### WORK ORDER
Where does the string "Gbagba" appear? Copy every line of the entries below that holds it.

### DATA FOR PROCESSING
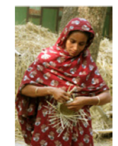
38. Femme pratiquant la vannerie (Bangladesh)
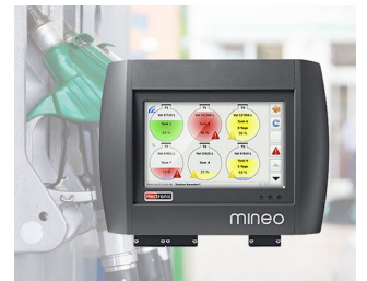
Contrôleur pour la gestion intelligente du réservoir
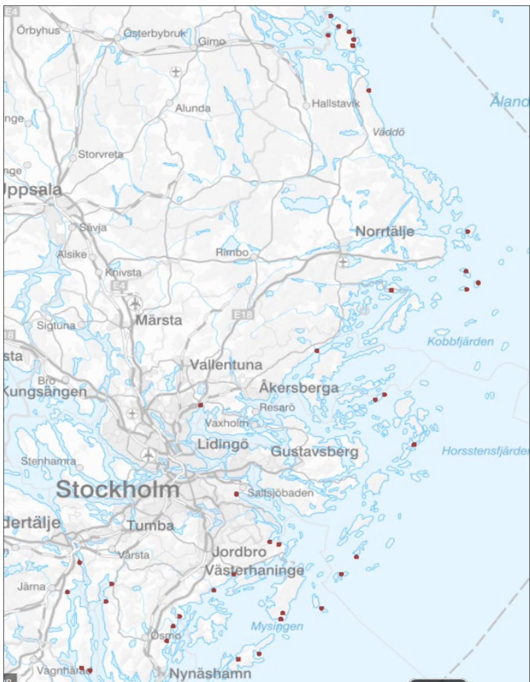
Fig. 3 Geografiskt läge för de redan gällande fredningsområdena: lekområden för vårlekande fiskar och öringåars mynning. För mer detaljer se Länsstyrelsens Fiskeguide .
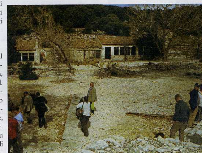
Danes nekdanjo udbovsko mučilnico na Svetem Grgurju obiščejo le redki ljudje.
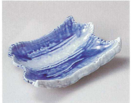
190-6-214 藍流しチギリ皿 3,100円 27.7×18.5×6.5cm 18007213
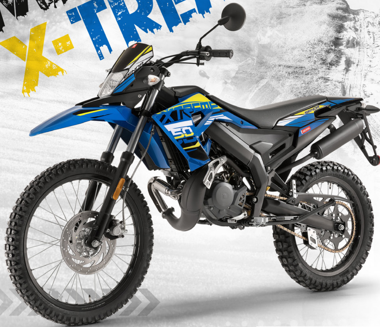
Senda X-Treme 50 R

NELL'OFF-ROAD E SUI CIRCUITI SUPERMOTARD SENDA X-TREME R, SENDA X-TREME SM E SENDA RACING SM SONO LE MIGLIORI COMPAGNE DEL DIVERTIMENTO. RAPPRESENTANO LA MASSIMA ESPRESSIONE DELLA CATEGORIA PER EQUIPAGGIAMENTO E PER FINITURE. SI RIVOLGONO A TUTTI I PILOTI GIOVANI E SPORTIVI. INNAMORATI DELLA LIBERTÀ!
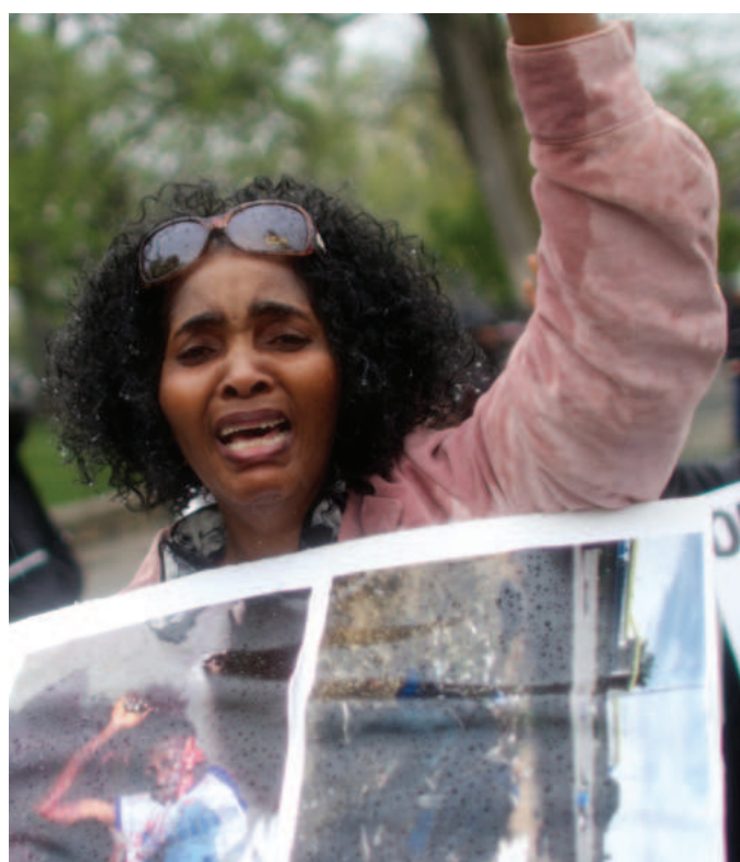
Podporovatelka Laurenta Gbagba.

Právě to se v případě bývalého prezidenta Gbagba zatím příliš nedaří. Přípravný senát MTS totiž 11. června rozhodl o nedostatečnosti důkazů pro zahájení hlavního líčení [2], pro tento závěr se vyslovili dva ze tří soudců senátu. Za problematickou považovali zejména
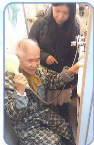
• 職業治療師為長者進行沐浴安全之評估
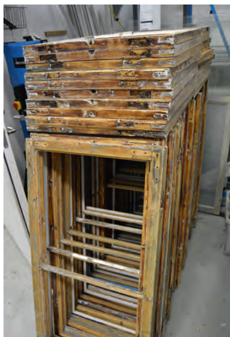
Några av de 150 fönsterbågarna som skall renoveras.
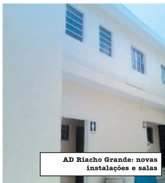
AD Riacho Grande: novas instalações e salas
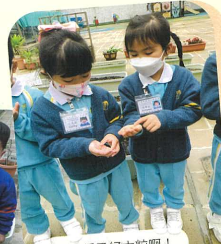
苦瓜種子好大粒啊!
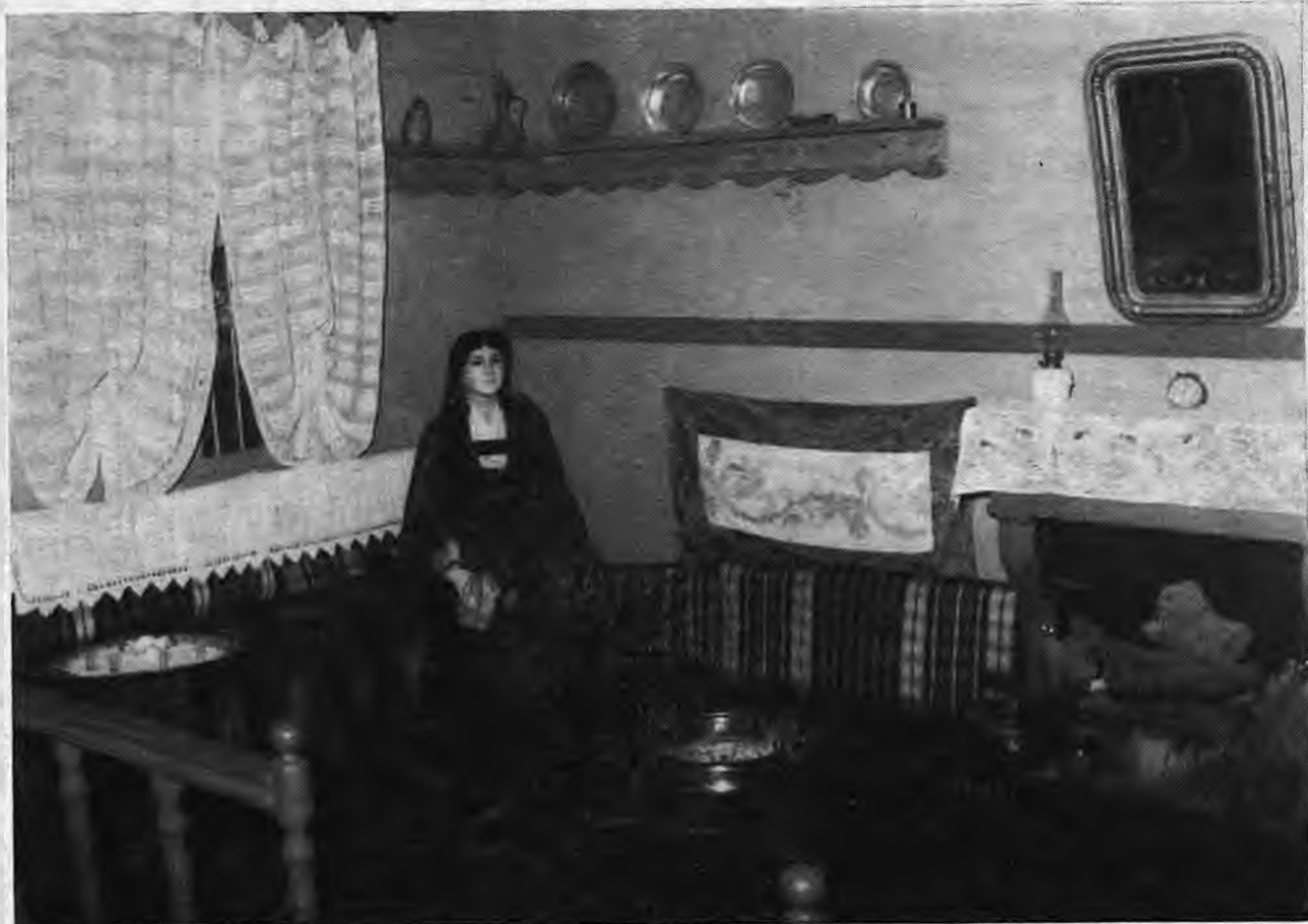
Ό «ΟΝΤΑΣ» Μουσείου Λυκείου Έλληνίδων Ναούσης

### OUTPUT OF THE TASK
Podporovatelka Laurenta Gbagba.
Právě to se v případě bývalého prezidenta Gbagba zatím příliš nedaří. Přípravný senát MTS totiž 11. června rozhodl o nedostatečnosti důkazů pro zahájení hlavního líčení [2], pro tento závěr se vyslovili dva ze tří soudců senátu. Za problematickou považovali zejména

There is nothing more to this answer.